Пьяный двор качался разбитой лодкой.


– Мама, сколько нужно тебе сказать!


Сохранить тебя – до последней пяди!


…а потом… моя неживая тень наступала на ноги тем, кто сзади –


в похоронный хмурый осенний день.


 


Только боль – по горло, тоска – по пояс,


да в пустынном небе – никчёмный свет.


 


Так чего-то ждёшь, опоздав на поезд,


и ненужный держишь в руке билет…


……………………………………………………………


…и опять  рождается по привычке


новый март, готовый пуститься вскачь.


Акварельно, ветрено и синично!


Несомненно, время – хороший врач.


 


Но со мной – мои «болевые точки». И как нерв искрящий – моя звезда,


невзначай застрявшая в междустрочье.  И «кривая» вывезла не туда.


И до боли ясно – не быть Поэтом  (что ни слово – рублено топором)…

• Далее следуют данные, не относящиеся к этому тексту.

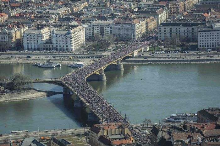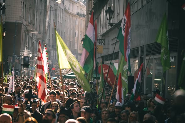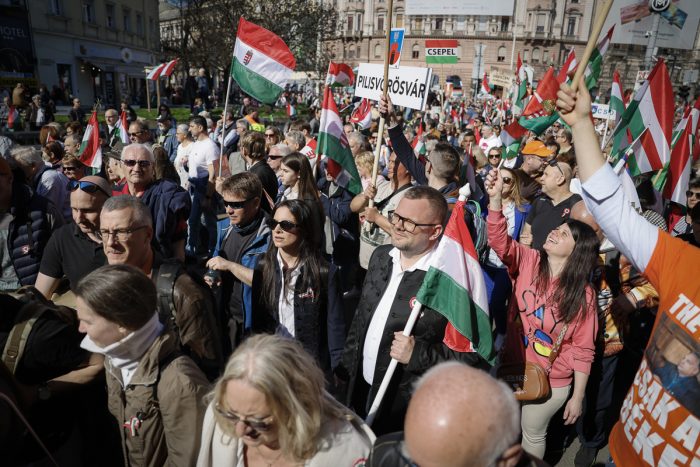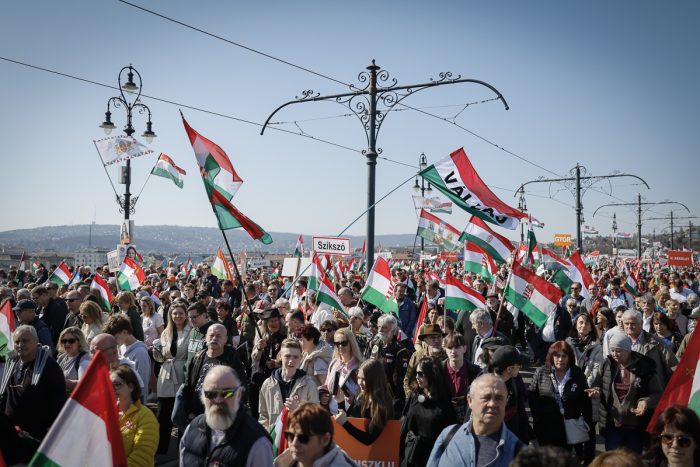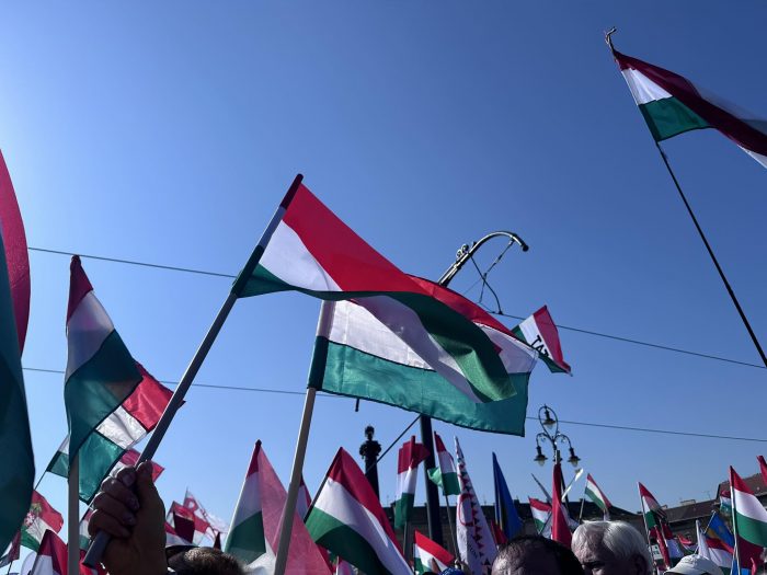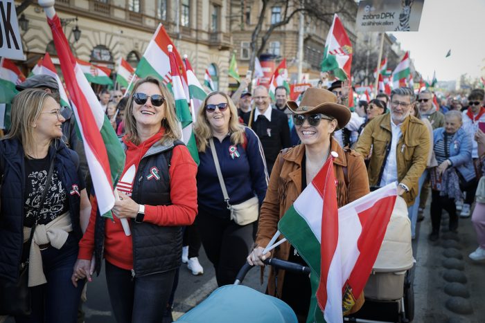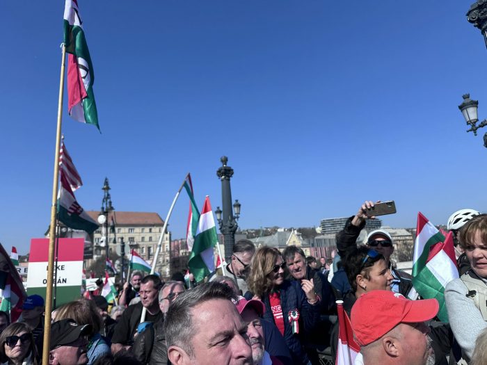 A Békemenetre gyülekező tömeg zászlókkal és nemzeti színű kokárdákkal várja, hogy 11:00 órakor elinduljanak a Parlament előtti térre. Mutatunk néhány hangulatfelvételt :
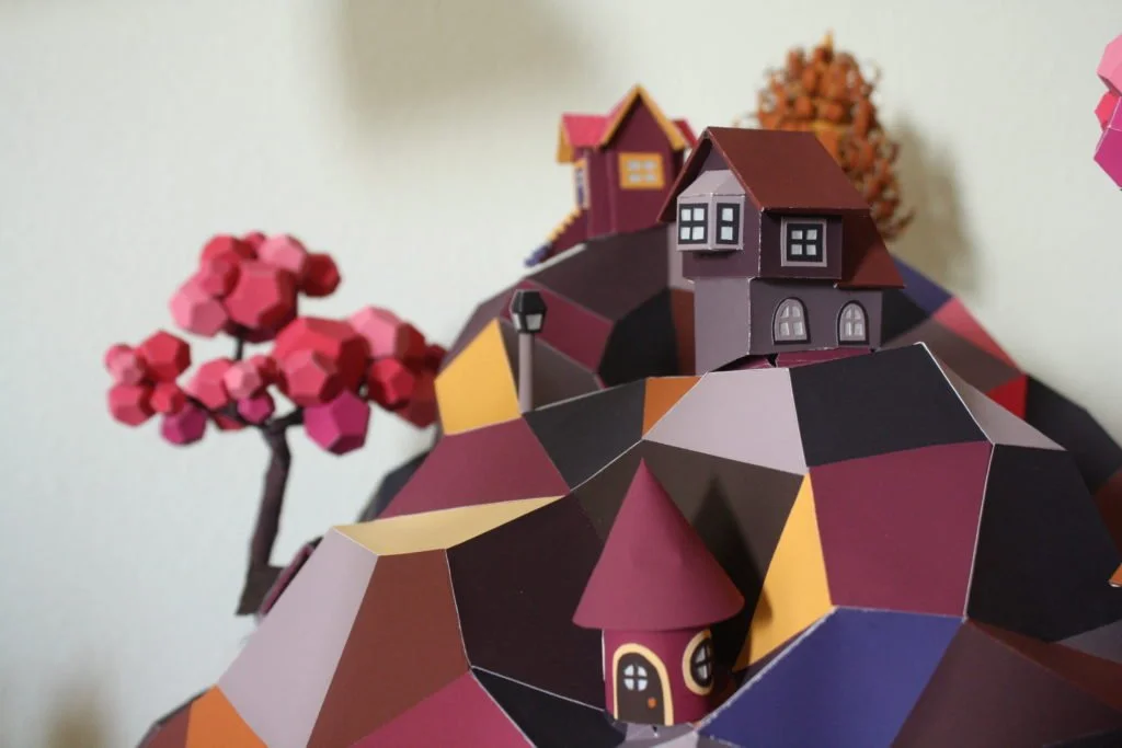 My piece for the original show, Unnatural Habitats, is called “Paperville.” It’s a tiny mountain town with low-poly trees and glowing houses made mostly of paper and some wire for structure. My Adaptation piece is called “Slice of Paperville.” (Much better to hang on a wall, haha.)

 – Только, мама… где же твои заветы?


Где-то там – у вечности под ребром?


 


Ты прости, во мне тебя слишком мало, я хочу не сбыться, а просто – быть.


Не смогу я жить по твоим лекалам, не сверну с дороги своей судьбы.


Я – чужой Вселенной слепой осколок, потерявший веру в благую весть. 


Если Бог безмолвствует, как онколог, как-то глупо спрашивать: «Шансы есть?»…


 


Город ты мой единственный




 Чётное и нечётное – улицы арифметика.


–  Не говори мне лишнего, ведь всё равно – не то! –


В красном трамвае с рожками – шумные безбилетники.


В зыбком морозном мареве – клетчатые пальто…


 


–  Как не поверить в лучшее, если в кармане – семечки,


Город мой, отпечатанный в памяти навсегда –


старой ушанкой кроличьей, булочкой трёхкопеечной,


струнными переборами, искрами в проводах…


 


«Винный», «Пивной», «Закусочный»,  в меру обезображенный


пряным закатным соусом; кухонный шут и враль…


– Город ты мой единственный, памятью приукрашенный,


был ты таким «безбашенным» –


выл в голове февраль…


 


Хватит. Откуролесили. Впору бы образумиться…


Время упругим яблоком катится в никуда.


…но, за подкладкой Города, в тесном кармане улицы


прячется сумасбродная  – только моя – звезда…


……………………………………………………………


Капли летят за шиворот. Ветром лицо исколото.


Жёлтый фонарь качается. Мокрая тень дрожит…


– Город ты мой единственный,


ну, извини – какого ты


лешего бестолкового – стал мне таким чужим?


 


Что остаётся? –  Вымокшей тенью бродить по улицам,


жадно курить и сплёвывать в чёрные пасти луж.


Город ты мой простуженный,  что же ты так нахмурился?


Сколько в тебе утоплено эдаких «мёртвых» душ?


 


Постновогоднее




Зимний город – осколок чужого наследства –


прижигает лицо, как пчелиный укус, 


и хрустит на зубах карамелькой из детства. –


Хорошо… – на не слишком взыскательный вкус.


 


Хорошо... – потому что рукой – до Парижа.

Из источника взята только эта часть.